The fact that so many prominent figures in the federal government — including President Joe Biden, First Lady Jill Biden, CDC Director Rochelle Walensky and White House Chief Medical Adviser Anthony Fauci — have now had rebound certainly doesn’t help inspire confidence.

Senators Call for Release of COVID Vaccine Agreements

The Epoch Times reported:

Four Australian senators have lodged an order for the release of contracts between the federal government and pharmaceutical companies for the production of COVID-19 vaccines.

The senators will lodge the motion on Nov. 22, 2022, for the current Labor health minister to release agreements with Pfizer, AstraZeneca, Moderna and Novavax, including details on vaccine efficacy, side effects and supply of the jab.

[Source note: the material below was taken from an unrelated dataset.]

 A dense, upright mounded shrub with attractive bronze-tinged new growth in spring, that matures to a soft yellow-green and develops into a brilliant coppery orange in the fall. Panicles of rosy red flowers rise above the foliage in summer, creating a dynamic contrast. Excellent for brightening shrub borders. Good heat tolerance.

Further, the motion will ask for documents outlining any “indemnity, guarantee, waiver or release of liability” provided by the Australian government to pharmaceutical companies.

Japan to Grant Emergency Approval to Shionogi COVID Drug

Reuters reported:

Japan on Friday said it would grant emergency approval to Japanese drugmaker Shionogi & Co Ltd’s (4507.T) COVID-19 drug, making it the first domestically developed oral drug for patients with mild symptoms.

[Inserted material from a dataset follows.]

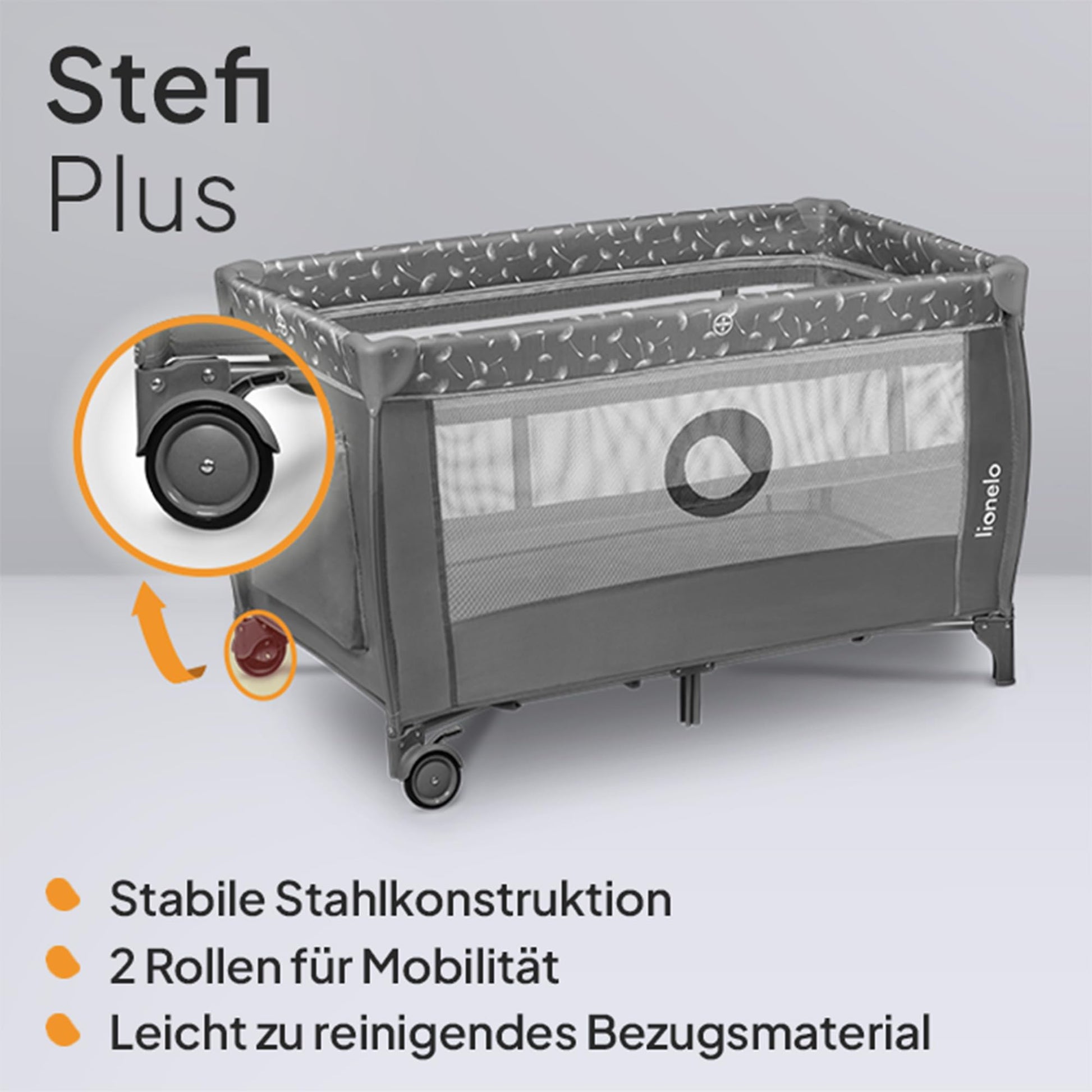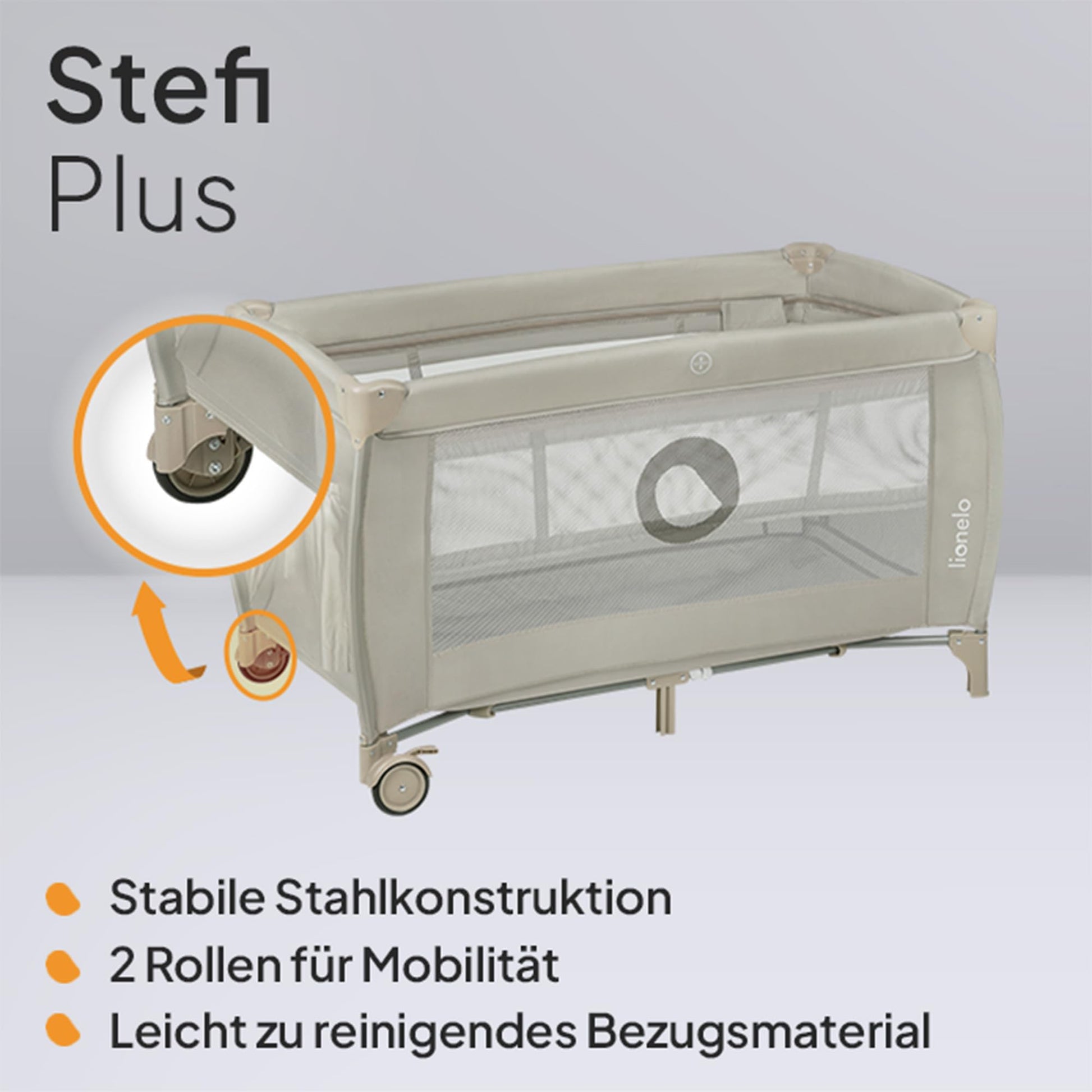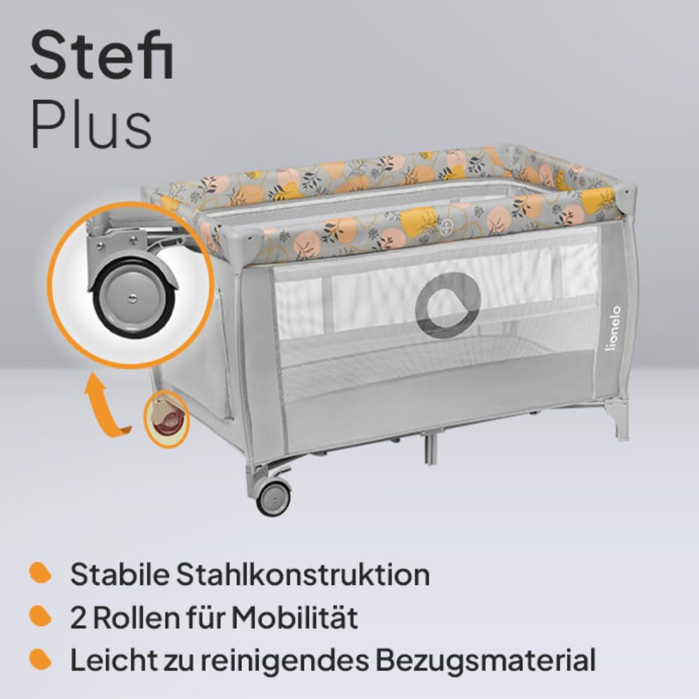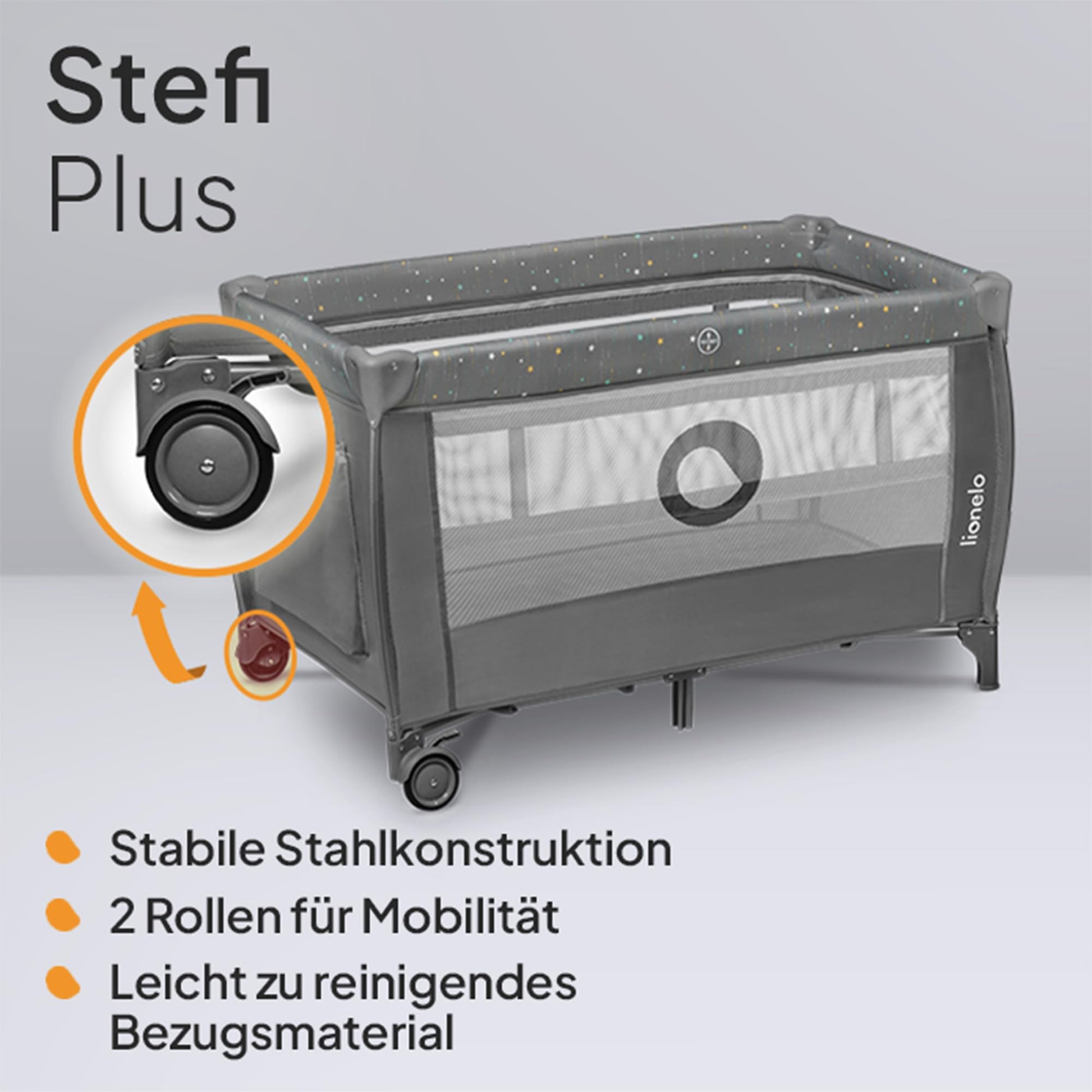 • INNOVATIVE MATRATZE: Im Reisegitterbett Stefi Plus wird eine neue Matratze aus 2 cm dickem T25-Polyurethanschaum verwendet, die die Wirbelsäule richtig richtet. Das Material ist verformungsbeständig und sorgt so für die richtige Unterstützung der Schlafposition des Kindes und für Wärmeisolierung. Die Matratze kann auf zwei Stufen eingestellt werden: niedrig und hoch

Regulators in Japan had previously denied emergency approval for the Shionogi pill, saying they wanted to see more data on its effectiveness. There were also concerns the drug could pose risk to pregnancies, based on results from animal studies.

Health Minister Katsunobu Kato announced the decision on the oral drug, known as Ensitrelvir, after approval was granted by a health ministry panel. The company has signed an agreement to sell about a million doses to the government, pending the drug’s approval.